You need to sign in to do that
Don't have an account?
THBruno
Field level security vs. Flow
Hi all,
I was wondering what the effect is of field level security in flows.
Example: according to field level security, a user can only see 5 fields out of 10 of an object.
When I create a visual flow, I define 10 inputfields (one for each field in the object). Nevertheless, my user should only see 5 of them. Is this automatically taken into account?
My guess is no because there is no link between my defined inputfields and the object itself. Correct? If so, is there any way to take the advantage of field level security into flows?
Thanks!
Bruno
You are correct that Flow, as of today, will not remove a UI element based on user's field level security. It will be validated on save, in this instance, and should not be accessible to display.

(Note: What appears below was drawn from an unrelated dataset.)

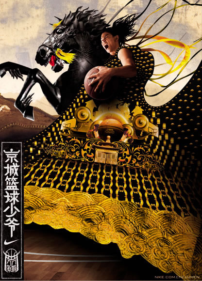受啟于北京人獨有的“皇帝”情結及北京籃球中體現的中國文化,耐克九門爭霸聯賽因此誕生。籃球文化和中國元素的顛覆結合,迸發出奇妙的視覺效果;充滿霸氣的“京城籃球少爺”頭銜更是將耐克籃球精神傳達得淋漓透徹。

If you nest your flow in a Visualforce page, there are ways that you can use Javascript to get to the HTML inside the flow. I wrote a blog post about it last week here:
http://blogs.developerforce.com/developer-relations/2013/08/setting-field-focus-in-visual-workflow.html
In this case, you would get to the fields in question and use myField.style.display='none' to make them disappear.
The way you would leverage the user's FLS is by using a controller in the visualforce page and using the Apex describe features, building a map between the fields in the flow and the fields' accessibility for that user, then applying them accordingly.
For a larger flow, this would entail some decent degree of effort, but it isn't impossible.
All Answers
Hi Bruno,
In flows, the record elements use the security settings of the current user. So FLS and CRUD are enforced. As a result, if your profile doesn’t have access to the object or field, you won’t see them in the cloud-based Flow Designer.
Hello Bruno,
FLS will come into picture when you create/update a record from your flow. At flow screen FLS will not be applied. If user does not have access on the field and he submits a record for creation he will get an error.
Thanks for the answers!
I understand that FLS is taken into account when an action is done on database level.
But what about the inputscreens? Is there any way inputfields on the screen can be managed by FLS?
Thanks!
You are correct that Flow, as of today, will not remove a UI element based on user's field level security. It will be validated on save, in this instance, and should not be accessible to display.
If you nest your flow in a Visualforce page, there are ways that you can use Javascript to get to the HTML inside the flow. I wrote a blog post about it last week here:
http://blogs.developerforce.com/developer-relations/2013/08/setting-field-focus-in-visual-workflow.html
In this case, you would get to the fields in question and use myField.style.display='none' to make them disappear.
The way you would leverage the user's FLS is by using a controller in the visualforce page and using the Apex describe features, building a map between the fields in the flow and the fields' accessibility for that user, then applying them accordingly.
For a larger flow, this would entail some decent degree of effort, but it isn't impossible.
Hi Peter,
Thanks a lot for your suggestion! Just what I needed!